Exercise goal: Dropping every picture, set down exactly the lines in the entries below, starting with the line with "Unidentified standing figure" and going on through the line with "3PCS Woven Storage".

Data section:
========================

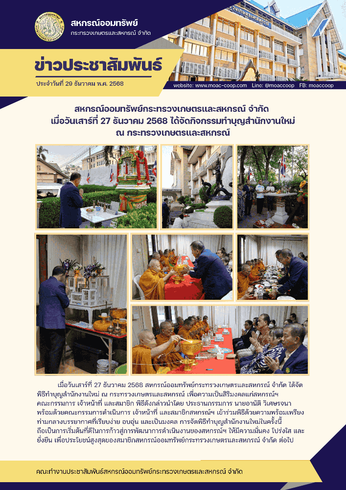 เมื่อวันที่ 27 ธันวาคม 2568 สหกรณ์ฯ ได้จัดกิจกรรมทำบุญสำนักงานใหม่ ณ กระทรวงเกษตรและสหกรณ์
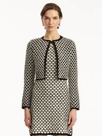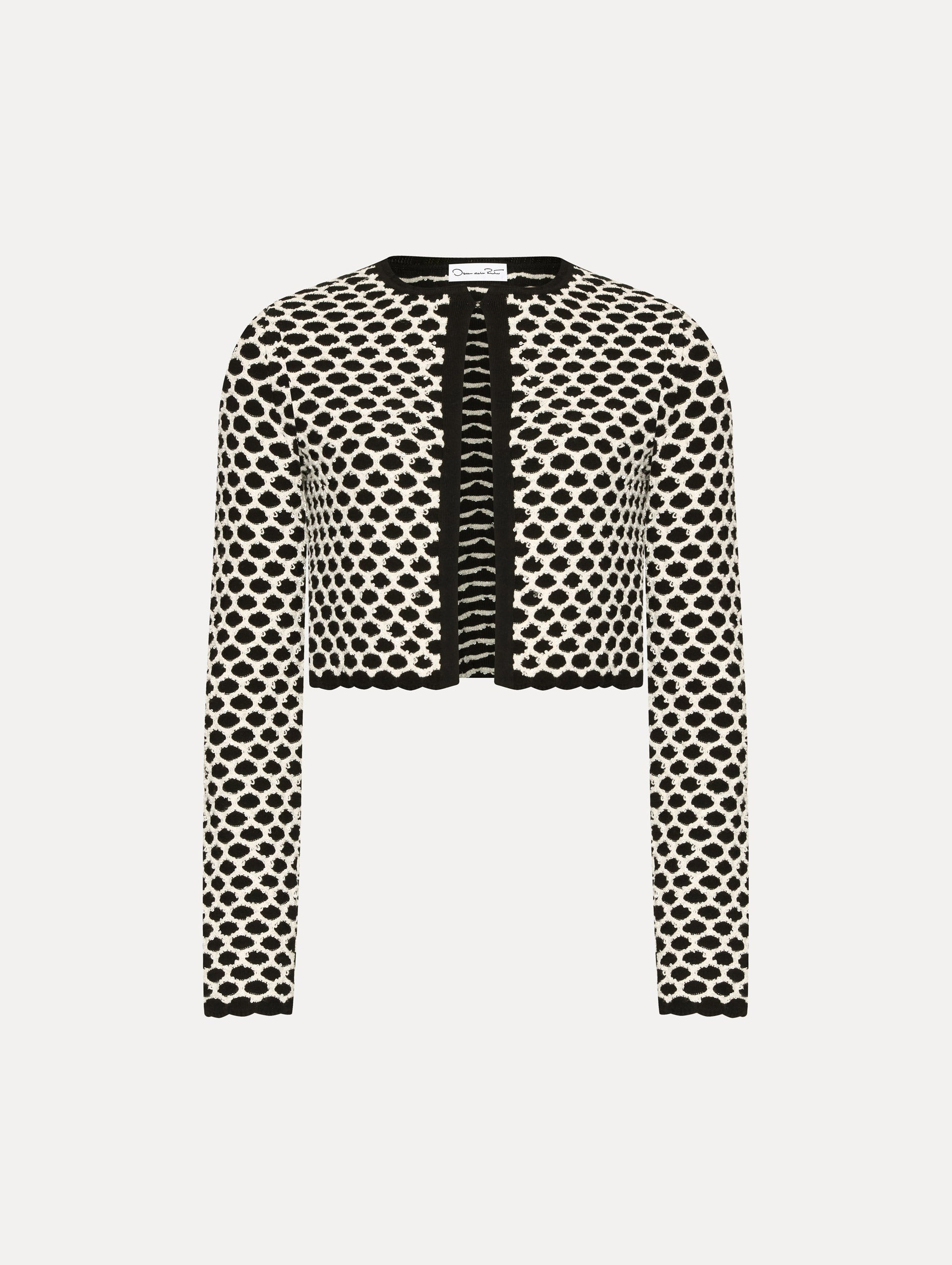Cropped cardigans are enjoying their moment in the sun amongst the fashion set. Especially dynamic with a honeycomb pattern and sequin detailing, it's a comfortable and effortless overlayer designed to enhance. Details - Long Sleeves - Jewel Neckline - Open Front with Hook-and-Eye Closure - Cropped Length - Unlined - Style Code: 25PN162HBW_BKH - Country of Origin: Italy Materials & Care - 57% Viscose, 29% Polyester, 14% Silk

========================

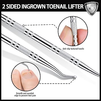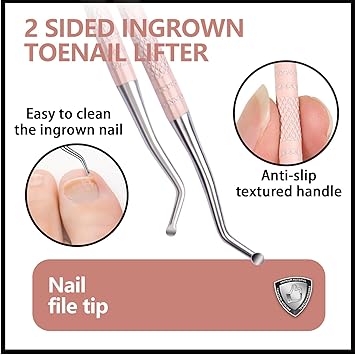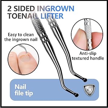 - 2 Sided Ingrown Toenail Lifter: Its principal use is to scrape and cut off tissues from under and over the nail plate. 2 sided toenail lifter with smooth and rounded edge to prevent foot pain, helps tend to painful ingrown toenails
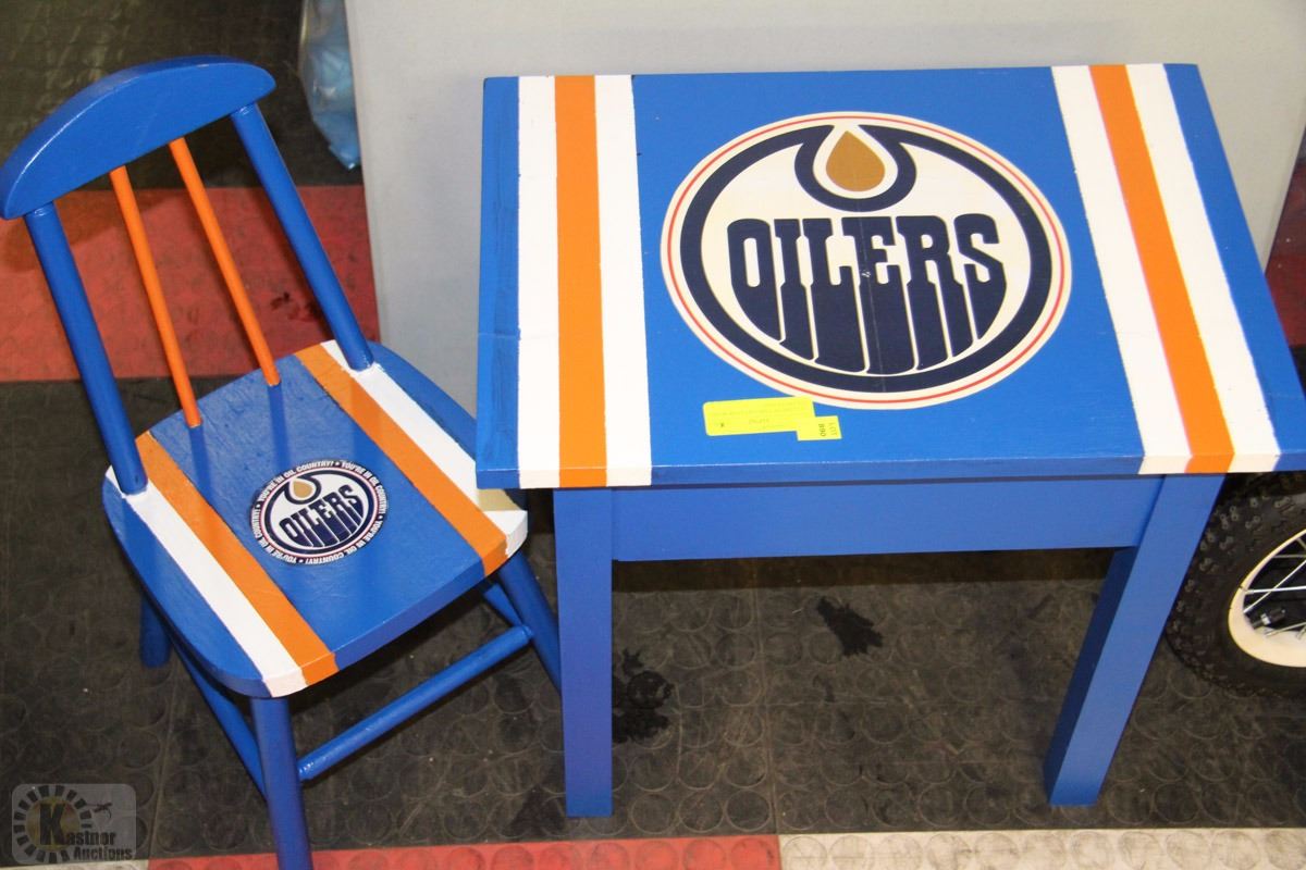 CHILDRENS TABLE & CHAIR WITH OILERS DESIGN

========================

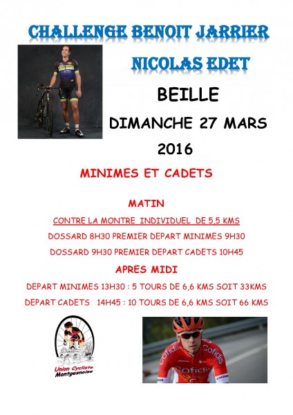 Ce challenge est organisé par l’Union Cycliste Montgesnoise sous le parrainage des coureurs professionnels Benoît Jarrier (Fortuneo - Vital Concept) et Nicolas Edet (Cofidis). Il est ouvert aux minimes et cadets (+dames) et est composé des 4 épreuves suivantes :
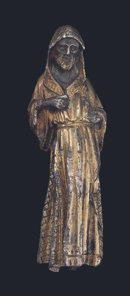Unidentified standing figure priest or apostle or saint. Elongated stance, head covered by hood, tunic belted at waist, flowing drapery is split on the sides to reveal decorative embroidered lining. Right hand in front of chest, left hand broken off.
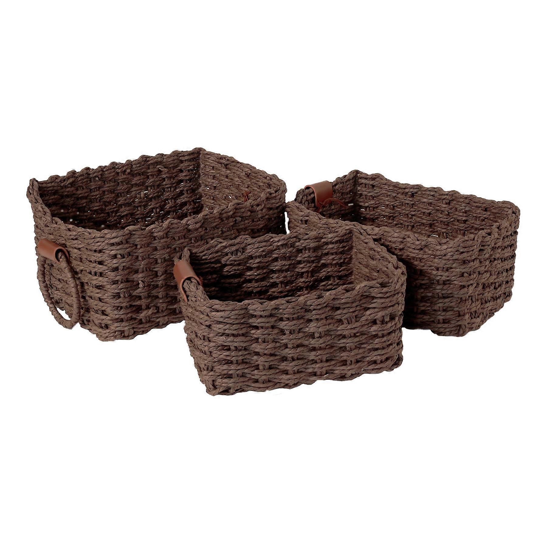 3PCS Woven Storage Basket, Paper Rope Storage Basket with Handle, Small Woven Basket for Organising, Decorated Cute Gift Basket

========================

Response:
Unidentified standing figure priest or apostle or saint. Elongated stance, head covered by hood, tunic belted at waist, flowing drapery is split on the sides to reveal decorative embroidered lining. Right hand in front of chest, left hand broken off.
 3PCS Woven Storage Basket, Paper Rope Storage Basket with Handle, Small Woven Basket for Organising, Decorated Cute Gift Basket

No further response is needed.